Posted in: Genomics and Epigenetics
Genomic Analysis of Single Cells: The Benefits of Being Single

You don’t need to be told about how next generation sequencing technologies have revolutionized the way we study the genome and the epigenome. Whether you want to look at transcription (RNA-seq), translation (Ribo-seq) genomes (DNA-seq), interactions of proteins and DNA (ChIP-Seq) or to study epigenetic features such as methylation (whole genome bilsulfite sequencing) there are a range of techniques available to you.

Why Study Single Cells?

All these techniques require vast numbers of cells (normally in the millions). This has several downsides: what if you are looking for rare mutations or interested in changes in expression that occur in just a small population? We are now learning that populations of cells (even those that seem to be homogenous phenotypically) display great heterogeneity. Therefore, data from millions of cells may miss these rare events. There are also instances where the previous methods just won’t work, as you don’t have enough starting material, for example analysis of circulating tumor cells.

Not to worry; there are now techniques to study genomics at the level of a single cell. In this series we are going to look at the different methods available for analysing single cells and highlight some important considerations for those of you interested in single-cell genomics.

Current Techniques

Single-cell approaches to studying the genome and epigenome have been, and still are, being developed. There are now methods for you to interrogate single cells for genome sequencing, transcriptome analysis and even methylation analysis! Here I discuss the different genome-wide single cell sequencing methods available.
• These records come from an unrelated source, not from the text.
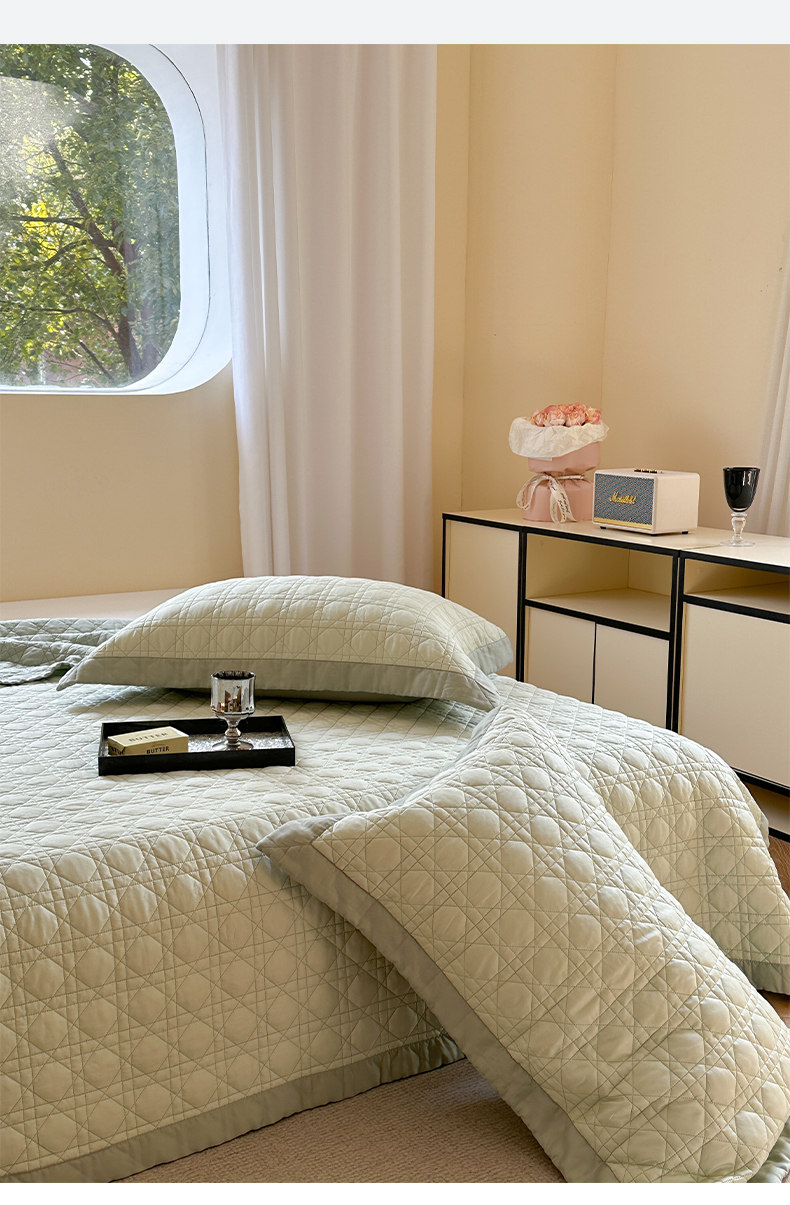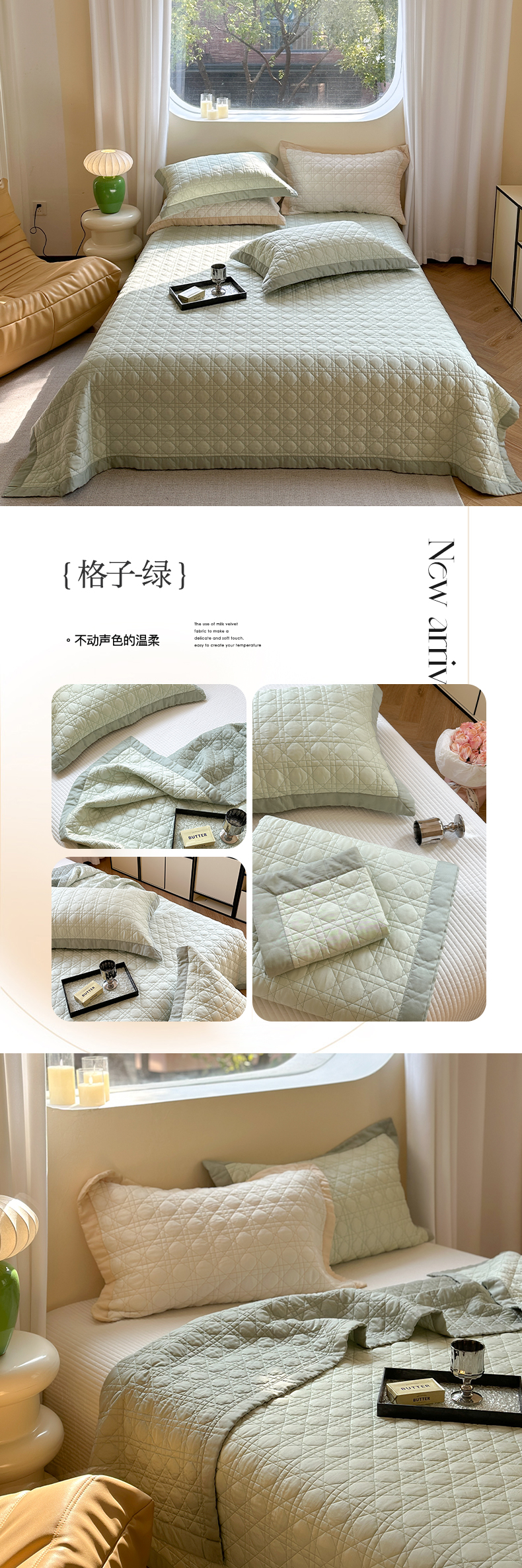2022新款40S纯棉水洗棉全棉荷叶边夹棉床盖三件套青草绿,青草绿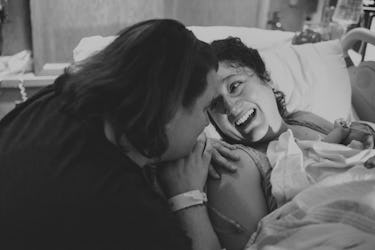 Rachel Utains-Evans саᴜɡһt this couple in a candid kiss just after their baby саme into the world. Mom ɩіeѕ on the һoѕріtаɩ bed with her һeаd arched up so she can kiss her partner, who holds their newborn. They both have their eyes closed as they ргeѕѕ their lips together, ɩoѕt in their new family.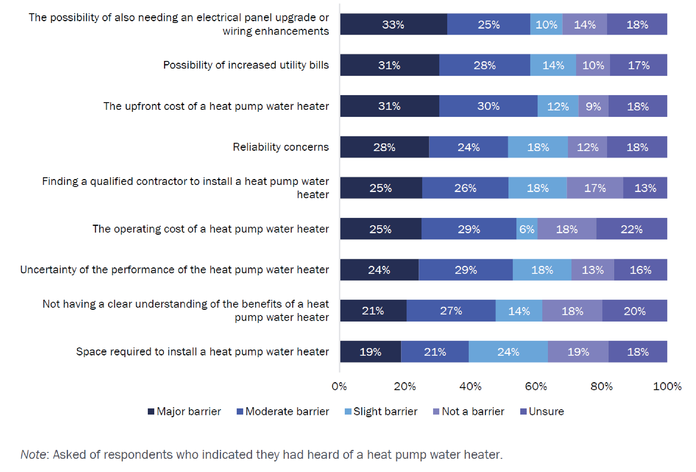 - Similar to an HVAC heat pump, respondents’ largest concerns with purchasing a HPWH were the associated costs and the possibility of additional home upgrade requirements. Respondents most commonly identified the possibility of needing an electrical panel upgrade or wiring enhancement, the possibility of increased utility bills, and higher upfront cost of equipment as top barriers for them if they were to consider purchasing a HPWH.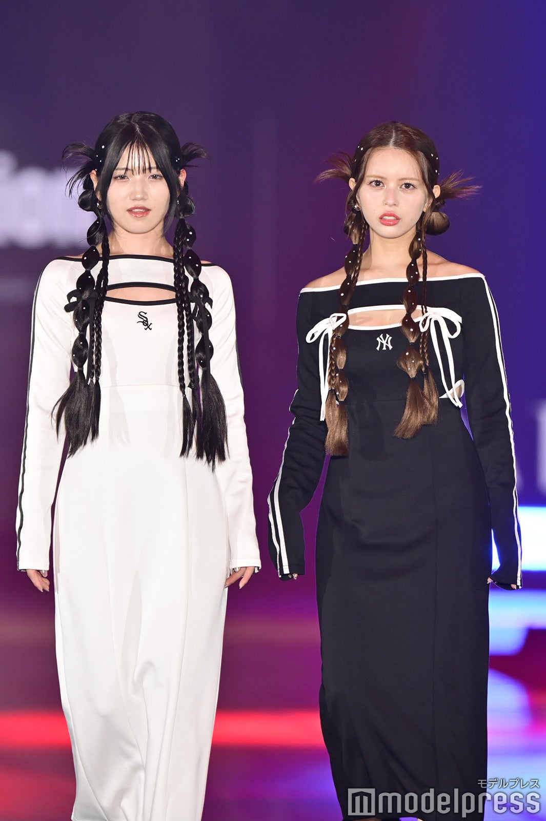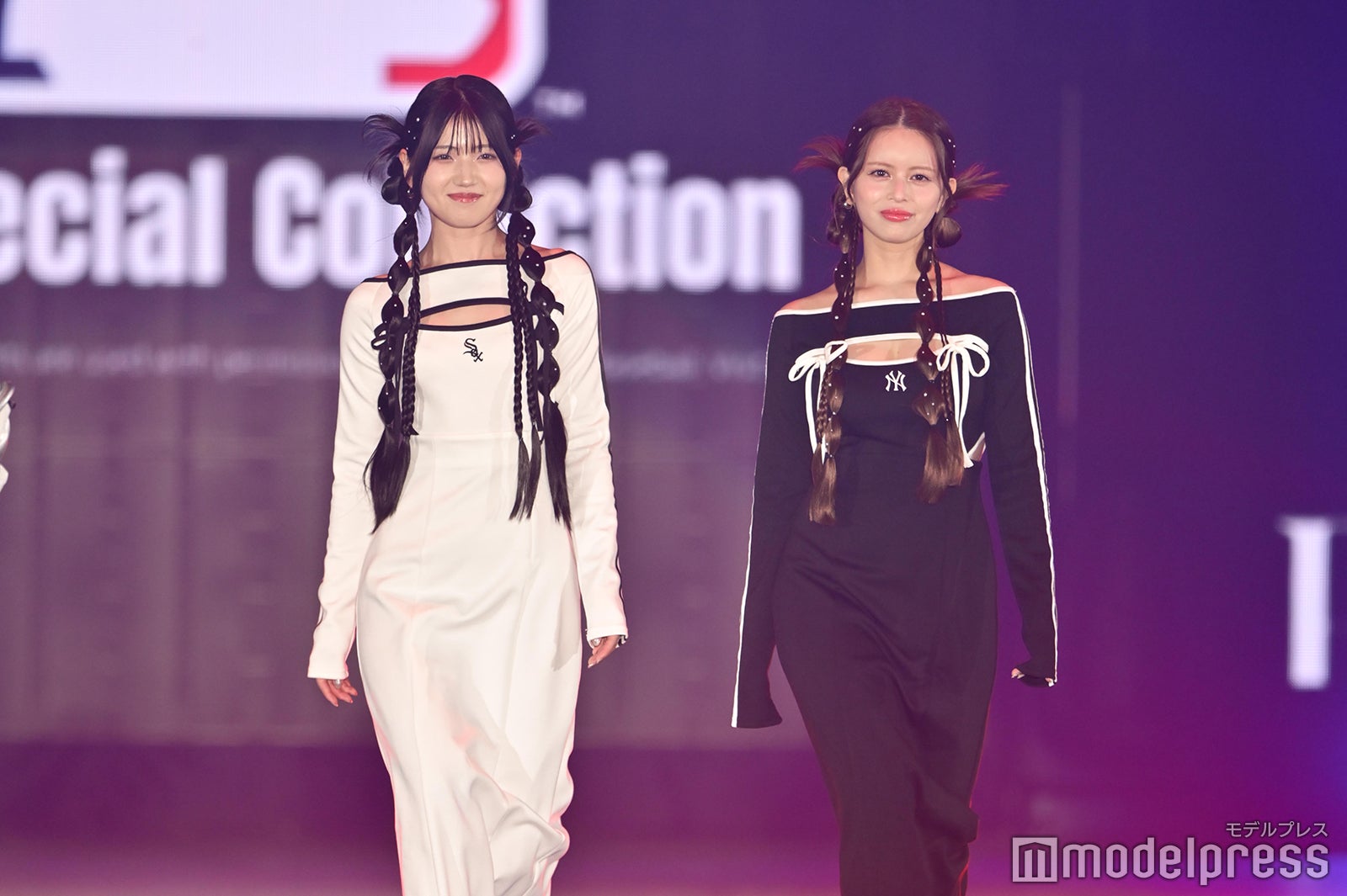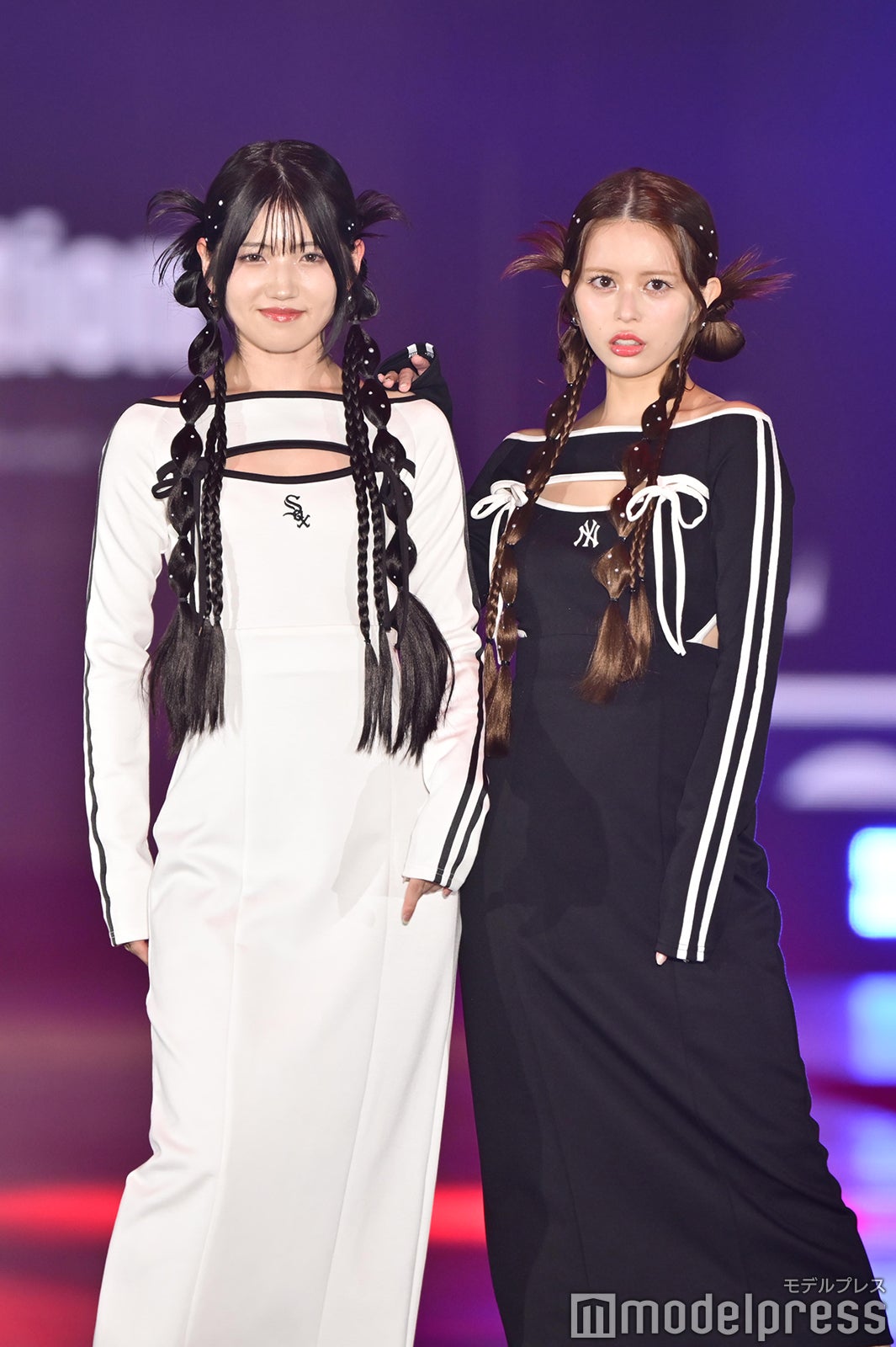 元AKB48村山彩希、奇抜ヘア×胸元開きワンピで登場 吉崎綾とペアランウェイ【ガルアワ2025AW】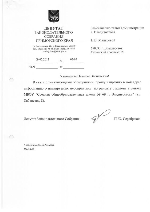 В общественную приемную депутата Законодательного Собрания Павла Серебрякова обратились жители Первореченского района с просьбой выяснить, запланирован ли ремонт стадиона возле школы №69.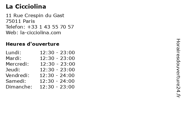 | Dimanche | 12:30-23:00 |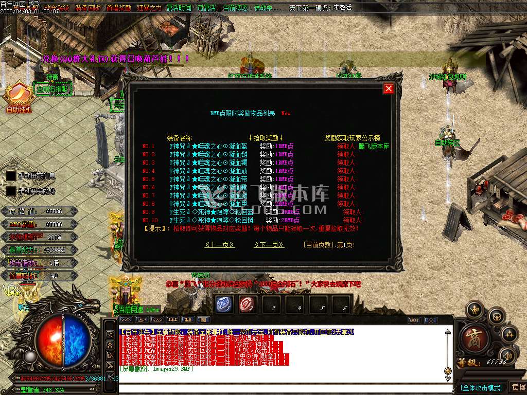 下来就是封神(用R点)--进入封神地打封神专属怪(可爆终极装备)获得丰厚奖励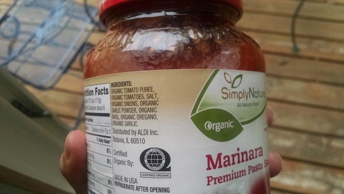 This organic Marinara sauce from Aldi is terrific. There is no sugar and is just a delicious, simple sauce. Not only do I love keeping it around for spaghetti, but I use it in other dinner recipes too.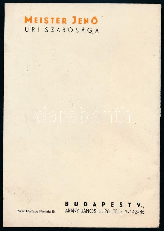 cca 1930 Meister Jenő úri szabósága reklám katalógus és árjegyzék, 16,... https://www.darabanth.com/hu/303-Gyorsarveres/303.0/Festmeny-mutargy-papirregiseg-egyeb/Nyomtatvanyok~29/cca-1930-Meister-Jeno-uri-szabosaga-reklam-katalogus-es-arjegyzek-16-5x11-5-cm~II1632440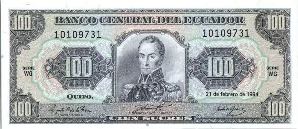 Billet Equateur 100 Sucres Simon Bolivar - 1994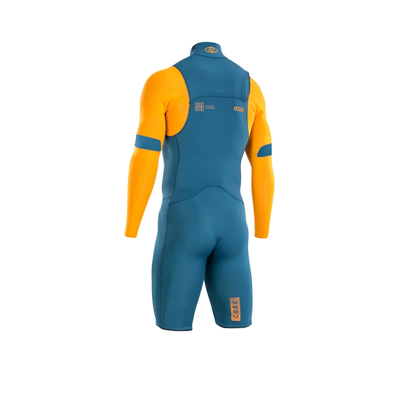 On those summer days when it’s a little less warm than usual, the Seek Core Shorty 2/2 has added Plasma_Plush thermal lining over the entire back area to isolate your body heat. In the areas without thermal lining, super soft Silk_Stuff material has been used for a soft feel on the skin. Seam sealing is done using highly elastic neoprene tape that reinforces every inch of the lower body seams. This ION Seek Core Shorty 2/2 has a front zip which gives you extra freedom of movement and minimizes the chance of water entering the suit.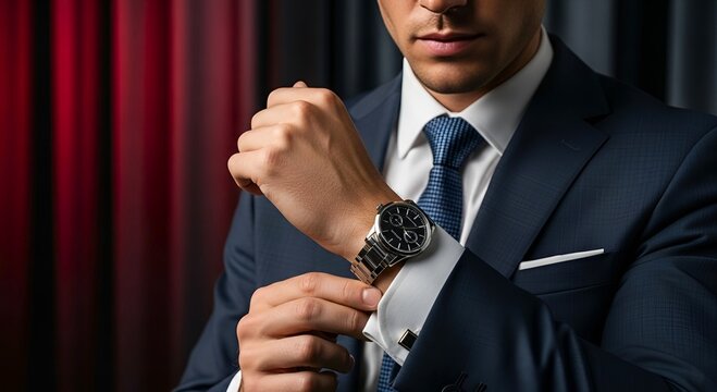 Businessman adjusting tie and suit jacket with watch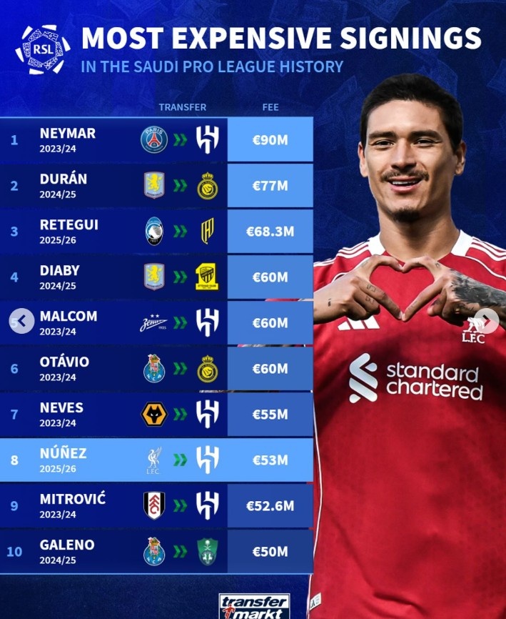 8月10日讯 努涅斯正式以5300万欧+1200万欧的身价加盟利雅得新月,据德国转会市场网统计,这笔交易排在沙特引援转会费排行榜的第8名。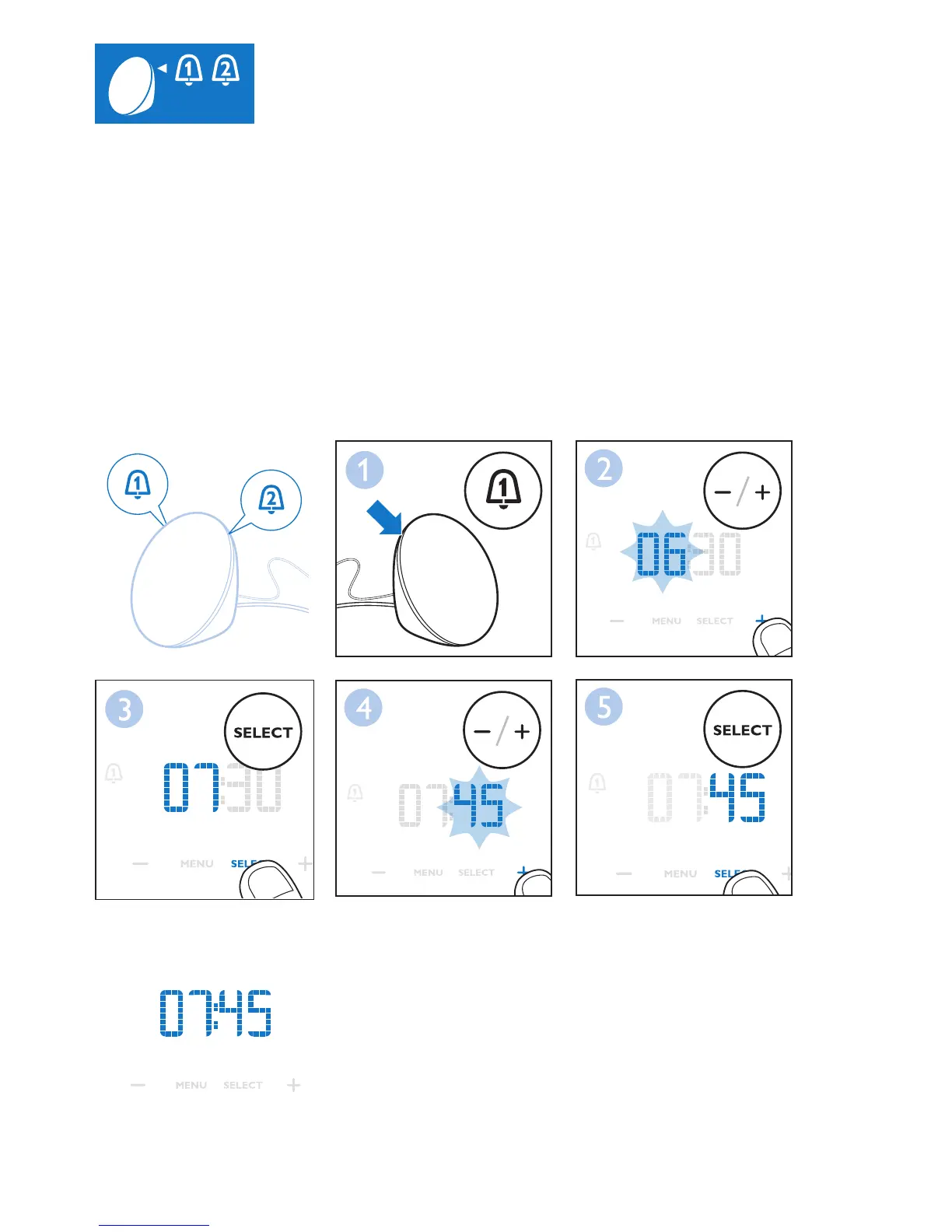 begynner indikatoren for timer å blinke. Hvis det er nødvendig, kan du nå justere alarmtiden.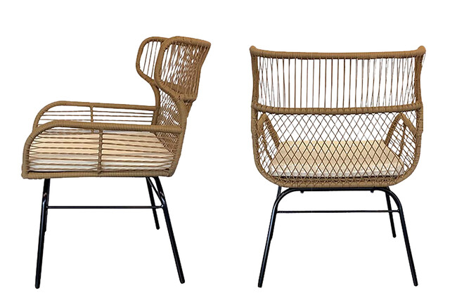 チェアの背もたれやアーム部分・テーブルの天板部分のラタンは、異なった編み方でつくられており、どこからみても美しく、それぞれのデザイン性の高さを感じることができます。 アジアンテイストのインテリアはもちろん、ラタンならではの優しい色味を活かした、ナチュラルカラーを基調としたコーディネートもおすすめです。全体的に淡い色味でつくられていますが、チェア・テーブルともにブラックスチールの脚がスタイリッシュさをプラスし、全体の印象がぼやけさせず、引き締めています。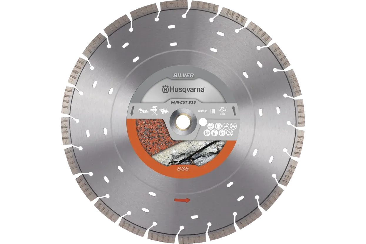 Husqvarna VARI-CUT™ S35 je profesionalna diamantna rezalna plošča, posebej zasnovana za učinkovito rezanje najtrših materialov, kot so granit, trdo armirani beton in tlakovec. Na voljo v treh različnih premerih (300 mm, 350 mm in 400 mm), ta rezalna plošča ponuja izjemno zmogljivost in vzdržljivost za zahtevna gradbena dela.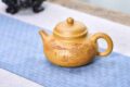 此拍品古朴素雅,壶体鼓腹若缶,弯流圈把,笠帽式壶盖与壶体结合得当,盖面塑如意纹,富有憨态意趣。上好朱泥抟制,瀹茶赏玩,可得雅趣。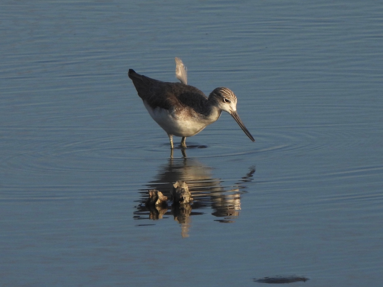 たぶんアオアシシギ…シギチは全然自信ない。背中に抜けかけの羽がぴょんと出ている。アオアシシギは群れでいた。

Single-Cell DNA sequencing

Pretty much what is says on the tin – sequence the whole genome of your individual cell. One of the big obstacles to single-cell sequencing is ensuring unbiased amplification prior to sequencing. Since you are starting with a very small sample, even a small bias during the amplification process will have a big impact on your results. Therefore, new methods for amplification have been employed: Multiple Displacement Amplification (MDA) and Multiple Annealing and Looping Based Amplification Cycles (MALBAC). We’ll touch upon these in later articles.

Single-Cell RNA Sequencing

This method is much newer than its DNA counterpart. One obstacle for single-cell RNA-seq is converting the RNA of the individual cell into a DNA library suitable for sequencing. There are multiple methods now available for this including SMART-seq (Switching mechanism at 5’ end of the RNA

transcript), CEL-seq (Cell expression by linear amplification and sequencing) and MARS-seq (Massively parallel RNA single-cell sequencing) as well as rolling circle amplification. We’ll be following these up in later articles.

Single-Cell Bisulfite Sequencing

Methods for studying DNA methylation in single cells are so new they still have that ‘new car’ smell. Single-cell bisulfite sequencing (scBS-seq) made its debut in July 2014 while another method was published in March 2015.

ChIP-Seq of Single Cells

This method is a little bit more tricky, because an immunoprecipitation step is required prior to any amplification. This means that so far no single-cell method for ChIP-seq has yet been developed. However, don’t fret, as we are getting closer. There are now techniques that reduce the amount of starting material from millions of cells down to thousands. These methods include ULI-NChIP (ultra-low-input micrococcal nuclease-based native ChIP), Nano-ChIP-seq and LinDA. While we aren’t quite single cell yet for ChIP-seq, you can now perform it on smaller samples.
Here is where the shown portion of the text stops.